<<<<

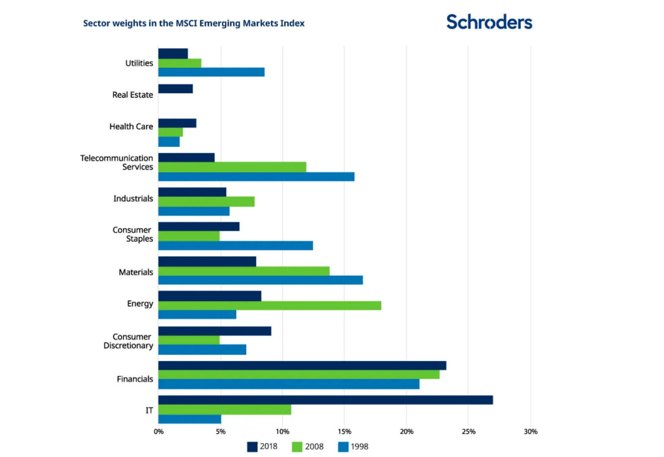 Pero, ¿por qué se modifican los índices? Existen varios factores y el crecimiento estructural de una compañía es uno de ellos. En este sentido, las acciones de los mercados emergentes pueden tener un papel más importante que nunca para ayudar a los inversores a cumplir sus objetivos de rentabilidad.
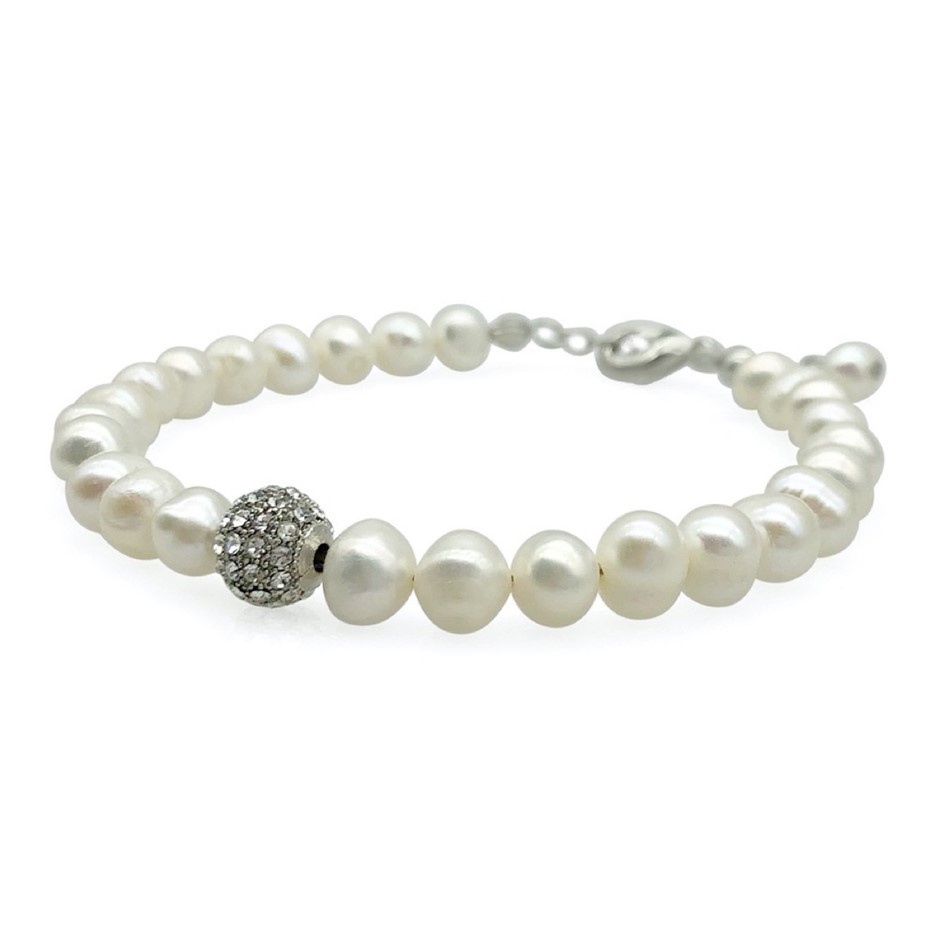 • Stone Dimension: Freshwater Pearls: 7-8mm, Rhinestone Spacer: 8mm.
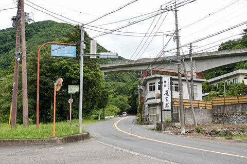 | 駅前を通る国道121号線にて、北側の川治温泉方面を見る。 写真では文字が見づらいが、道路脇に 『←龍王峡駅』 の青い案内表示がある。 正面で国道をオーバーパスしている高架橋は、栃木県道19号藤原塩原線 (ふじはらしおばらせん)で、かつて有料道路であった 『日塩もみじライン』 である。 2020年(令和2年)12月11日に無料開放され、現在は県道になっている。 |
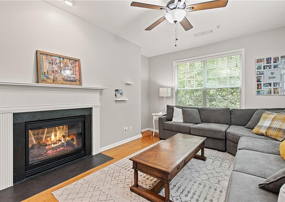 Atlanta living at it’s finest.. Location, location, location!!! Nestled away in a quiet and tranquil setting in the sought-after Flats at Riverwalk, enjoy city living in a park-like setting. This STUNNING and immaculately-maintained 3 bed/2 bath one-level END UNIT with 2 RESERVED COVERED PARKING SPACES is just minutes away from I-75 and I-285 for an easy commute - and all of your favorite attractions!! Updated with new paint and carpet and the largest floorplan available, this well-appointed space offers an open floorplan with kitchen views to the keeping room and family room that share a double-sided glass fireplace for a warm, inviting ambiance. The kitchen boasts a breakfast bar, granite counters and stainless steel appliances. The primary suite features separate vanities, a soaking tub, separate shower, and a water closet as well as a walk-in closet. Bedroom with French doors opening to the family room also makes an ideal home office. Split bedroom plan is great for roommates. The private outdoor balcony backing up to the woods is perfect for enjoying your cup of coffee or relaxing with company. Ample guest parking is available. Bike to Truist Park or The Battery and just steps away from walking trails to the Chattahoochee River. Also convenient to dining – Ray’s on the River and Pappadeaux Seafood just to name a few!! And close to Cobb Energy Performing Arts Center, Cumberland Mall, Silver Comet Trail, and other recreation. Resort style amenities include an inground pool, outdoor grills, an outdoor shower, fitness center, clubhouse and pet walk. HOA fees include trash, water, sewer, and gas.
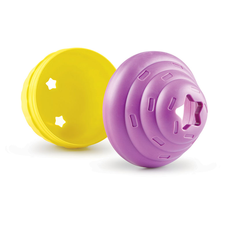 ふたを開けてトリーツを入れてください。不規則に転がるカップケーキ型のこのペットトイで、愛犬はおもちゃとして遊びながらおやつをゲットできます。

>>>>

--- Exercise goal ---
With pictures removed, write out exactly each line of the entries from the first through the line that holds "である。 2020年(令和2年)12月11日に無料開放され、現在は県道になっている。 |".

--- Reply to the exercise ---
 Pero, ¿por qué se modifican los índices? Existen varios factores y el crecimiento estructural de una compañía es uno de ellos. En este sentido, las acciones de los mercados emergentes pueden tener un papel más importante que nunca para ayudar a los inversores a cumplir sus objetivos de rentabilidad.
 • Stone Dimension: Freshwater Pearls: 7-8mm, Rhinestone Spacer: 8mm.
 | 駅前を通る国道121号線にて、北側の川治温泉方面を見る。 写真では文字が見づらいが、道路脇に 『←龍王峡駅』 の青い案内表示がある。 正面で国道をオーバーパスしている高架橋は、栃木県道19号藤原塩原線 (ふじはらしおばらせん)で、かつて有料道路であった 『日塩もみじライン』 である。 2020年(令和2年)12月11日に無料開放され、現在は県道になっている。 |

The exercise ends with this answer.